**MATERIAL FOR THE TASK**
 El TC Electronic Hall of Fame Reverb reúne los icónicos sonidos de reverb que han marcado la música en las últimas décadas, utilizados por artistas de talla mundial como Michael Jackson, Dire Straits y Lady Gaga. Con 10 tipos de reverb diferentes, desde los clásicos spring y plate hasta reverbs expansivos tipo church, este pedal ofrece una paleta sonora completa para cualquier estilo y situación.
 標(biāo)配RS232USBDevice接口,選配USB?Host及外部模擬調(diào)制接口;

==

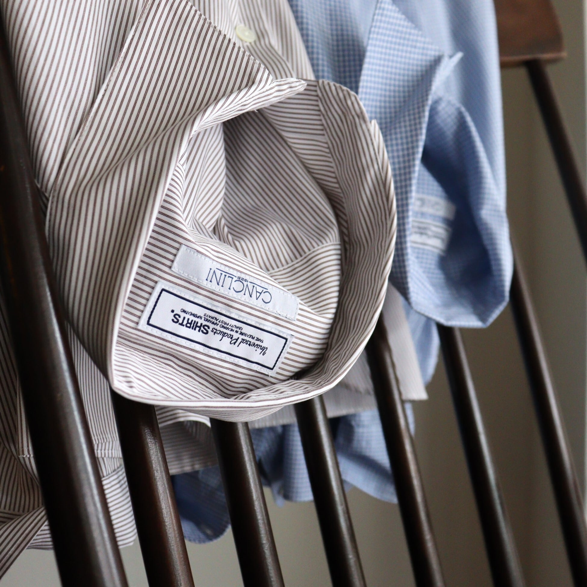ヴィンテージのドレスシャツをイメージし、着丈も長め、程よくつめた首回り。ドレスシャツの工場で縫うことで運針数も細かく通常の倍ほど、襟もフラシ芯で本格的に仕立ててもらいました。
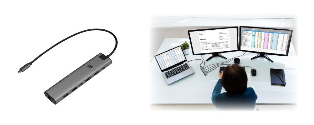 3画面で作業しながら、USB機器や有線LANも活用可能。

**INSTRUCTIONS TO FOLLOW**
Retype the portion of the data above that starts on the line with "El TC Electronic" and finishes on the line with "標(biāo)配RS232U", including both of those lines.

**SOLUTION BELOW**
 El TC Electronic Hall of Fame Reverb reúne los icónicos sonidos de reverb que han marcado la música en las últimas décadas, utilizados por artistas de talla mundial como Michael Jackson, Dire Straits y Lady Gaga. Con 10 tipos de reverb diferentes, desde los clásicos spring y plate hasta reverbs expansivos tipo church, este pedal ofrece una paleta sonora completa para cualquier estilo y situación.
 標(biāo)配RS232USBDevice接口,選配USB?Host及外部模擬調(diào)制接口;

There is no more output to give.